Decision Choice Rationale
Meta-analyst Interactive Chief of Staff agent Company metaphor, conversational UX, evolvable via #243
Signal access MCP tools First slice of API-as-MCP; agents use native tool interface
Proposal generation Rule-first hybrid Rules detect (cheap, auditable); LLM synthesises (creative, scoped)
Altitudes Config + Architecture + Prompt + Code + Tool Creation All pluggable, config enabled by default, others opt-in
Scope Deployment + product level Code modification altitude for framework improvements
Rollout Before/after default, canary + A/B test opt-in Per-proposal choice; A/B uses group assignment + statistical comparison
Regression Tiered: threshold + statistical Layer 1 for catastrophic, Layer 2 for subtle degradation
Signals consumed 7 live domains + offline benchmark Performance, budget, coordination, scaling, errors, evolution, telemetry, plus the opt-in golden-benchmark curve
Evolution boundary Org-wide default; override + advisory alternatives Clear separation from per-agent #243
Safe defaults Disabled, opt-in, mandatory approval Never auto-applies without human review
Cross-deployment analytics Dedicated protocol in meta/telemetry/ Domain events, not log records; follows meta/ pluggable pattern
Analytics anonymisation Strict allowlist (enums + numerics only) Maximum privacy; free text dropped, UUIDs hashed, timestamps coarsened
Analytics aggregation In-process API endpoints Zero extra infra; any deployment can be emitter and/or collector

Signal Domains

Domain Source Key Metrics
Performance PerformanceTracker Quality, success rate, collaboration, trends (all windows)
Budget Budget pure functions Spend, category breakdown, orchestration ratio, forecast
Coordination Coordination metrics 9 composable metrics (Ec, O%, Ae, etc.)
Scaling ScalingService Decision outcomes, success rate, signal patterns
Errors Classification pipeline Category distribution, severity histogram, trends
Evolution EvolutionService Proposal outcomes, approval rate, axis distribution
Telemetry Telemetry pipeline Event counts, top event types, error events
Benchmark ScorecardHistory (offline, opt-in) Latest golden-benchmark total, run-over-run delta, regression flag

Built-in Rules

Rule Severity Triggers When
quality_declining WARNING Org quality below threshold
success_rate_drop WARNING Success rate below threshold
budget_overrun CRITICAL Budget exhaustion imminent
coordination_cost_ratio WARNING Coordination spend too high
coordination_overhead WARNING Coordination overhead % too high
straggler_bottleneck INFO Straggler gap ratio consistently high
redundancy INFO Work redundancy rate too high
scaling_failure WARNING Scaling decisions failing too often
error_spike WARNING Error findings exceed threshold
benchmark_regression CRITICAL Latest golden-benchmark run dropped below its predecessor

All thresholds are configurable via constructor arguments. benchmark_regression is the strongest "something got worse" signal (the golden benchmark is the organisation's ground-truth quality measure), so it fires at CRITICAL and suggests the PROMPT_TUNING and CODE_MODIFICATION altitudes that can move a benchmark score back up.

Benchmark-Driven Feedback (Learning Curve)

The golden-company benchmark is the organisation's ground-truth quality measure, and its score across runs is the learning curve.
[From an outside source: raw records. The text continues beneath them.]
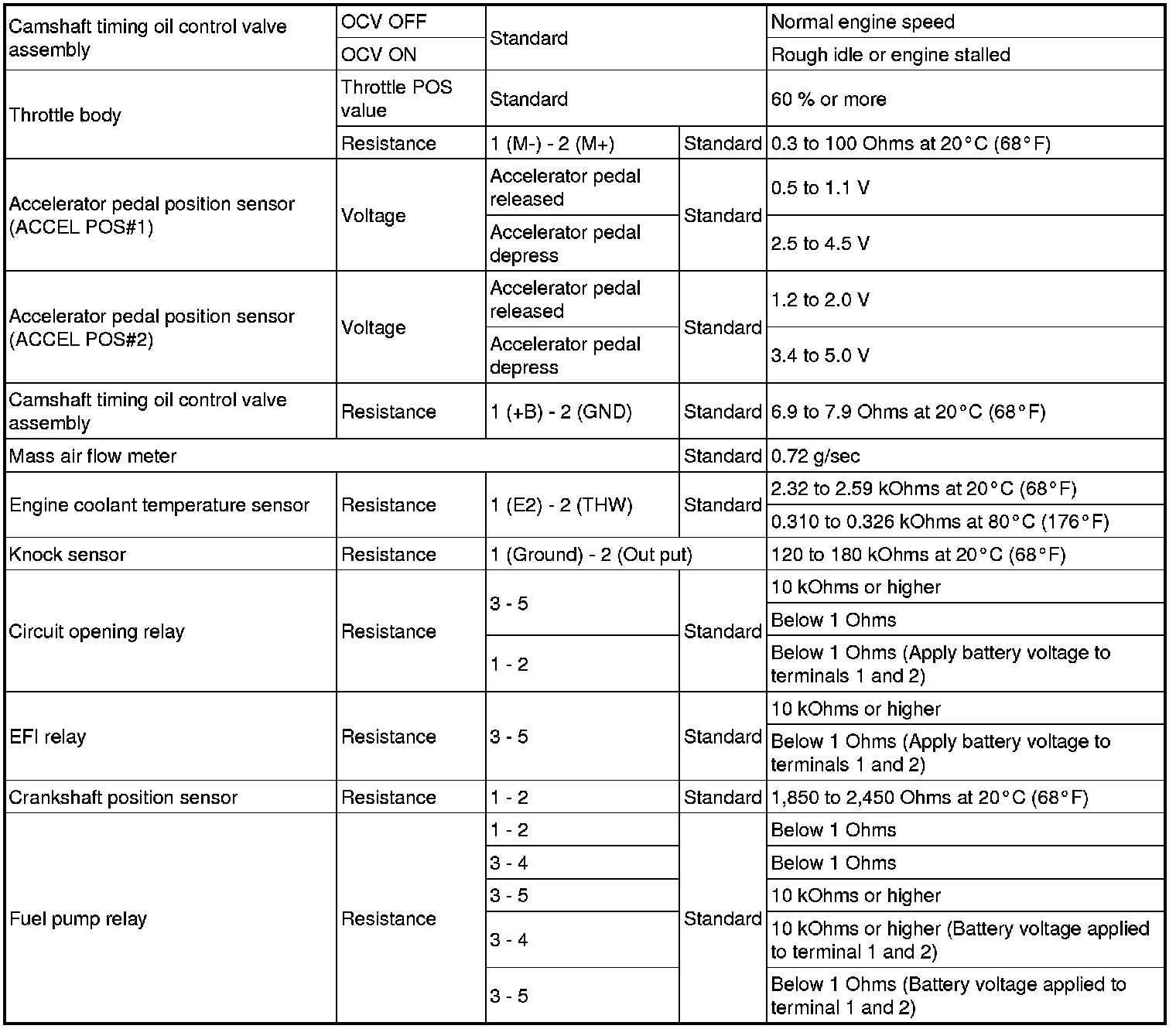 SERVICE SPECIFICATIONS: 1GR-FE ENGINE CONTROL SYSTEM: SERVICE DATA
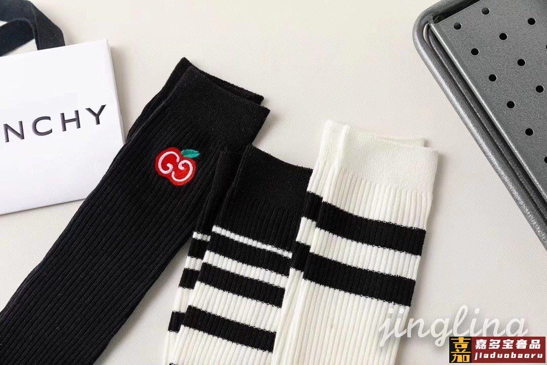 配送包装一盒三双爆款古奇专柜新款男女款刺绣小腿袜子专柜同步上
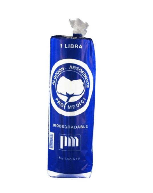 Rollo de algodón blanco 100% puro, procesado y blanqueado para uso médico. Presentación en paquete sellado biodegradable de 1 libra. Alta absorción, textura suave y libre de impurezas. No estéril.
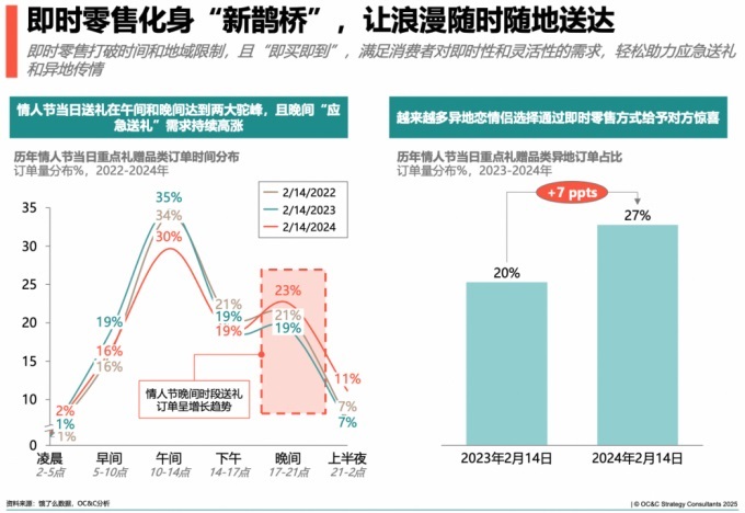 即時零售打破時間和地域限制,也真化身為“新鵲橋”,便利更多異地戀情侶及時給到浪漫驚喜。餓了么數(shù)據(jù)顯示,過去2年,情人節(jié)當天禮贈品類中的異地訂單占比,從2023年的20%增長到2024年的27%。
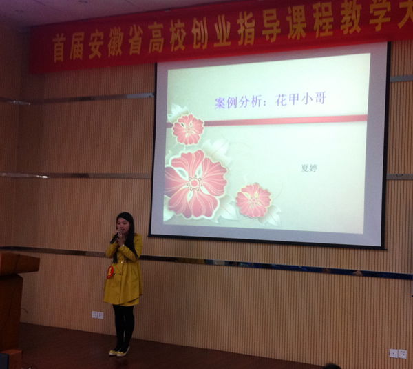 11月2日—3日,“首届安徽省高校创业指导课程教学大赛”在安徽医学高等专科学校隆重举行。我院夏婷老师以学院创业学子“花甲小哥”为例进行了精彩演讲,最终荣获三等奖,学院同时荣获“组织奖”称号。
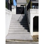 - コンクリートからタイル貼りの階段へ
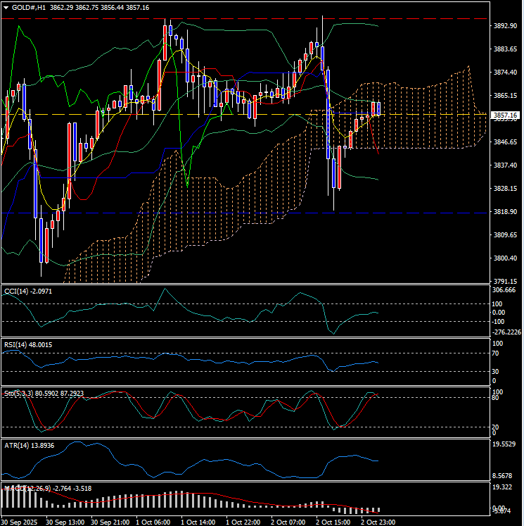 1時間足では、3850〜3880ドルのレンジで上下動を繰り返しています。直近は雲の中に入り方向感を欠いており、短期トレーダーにとっては難しい局面です。CCIはフラット、RSIも48付近でニュートラルを示し、直近は明確な方向感が出にくい環境です。ATRが低下しており、ボラティリティ縮小後の次の動きに注目が集まります👀。
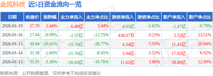 证券之星消息,截至2026年1月19日收盘,金风科技(002202)报收于27.7元,上涨2.44%,换手率21.15%,成交量711.65万手,成交额185.98亿元。
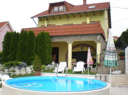 Schwimmbecken und Gartenmöbeln gelangen. Im Erdgeschoss gibt es ein

Each benchmark run records a per-run scorecard summary into meta.scorecard_history_dir; read_learning_curve (synthorg.meta.learning_curve) assembles the chronological LearningCurve with run-over-run deltas and per-run regression flags. GET /learning/curve serves it read-only for the dashboard chart; an unset directory yields an empty curve (a legitimate "no benchmark history yet" state, not a failure).

The curve is not just charted; the benchmark quality signal drives improvement through three feedback paths, each closing on a tested action rather than a write-only signal:

  1. Evolution: BenchmarkSignalAggregator summarises the curve into OrgSignalSnapshot.benchmark (an optional, offline eighth aggregator on SnapshotBuilder). The benchmark_regression rule then fires CRITICAL on a regression and suggests the PROMPT_TUNING and CODE_MODIFICATION altitudes.
  2. Scaling / hiring: BenchmarkSignalSource (hr/scaling/signals/benchmark.py) emits benchmark_score_trend and benchmark_is_regression into the ScalingContext; PerformancePruningStrategy defers pruning while a regression is in progress (defer_during_benchmark_regression, default True) so the org does not shed capacity while quality is dropping.
  3. Procedural memory and fine-tuning: successful runs capture reusable lessons and failures capture corrected-failure lessons (see Memory Learning); the continual-improvement fine-tune harvests those plus accepted deliverables and curates them by the same benchmark score, promoting a new embedder only on a measured benchmark win.

Disabling a learning subsystem measurably flattens the curve; this is validated end to end under the simulation harness (a rising curve with learning enabled, a flat curve with it disabled), since a single release cannot demonstrate the effect on its own.

Proposal Lifecycle

  1. Signal collection: SnapshotBuilder runs all 7 aggregators in parallel
  2. Rule evaluation: RuleEngine checks all enabled rules against the snapshot
  3. Strategy dispatch: Matching strategies generate proposals (rule-first hybrid)
  4. Guard chain: Sequential evaluation (scope, rollback plan, rate limit, approval gate)
  5. Human approval: Proposals queue in ApprovalStore for mandatory review
  6. Rollout: Before/after comparison, canary subset, or A/B test (per proposal)
  7. Regression detection: Tiered (threshold circuit-breaker + statistical significance)
  8. Auto-rollback: On regression, RollbackExecutor applies the rollback plan

Configuration

Runtime override setting (meta.self_improvement)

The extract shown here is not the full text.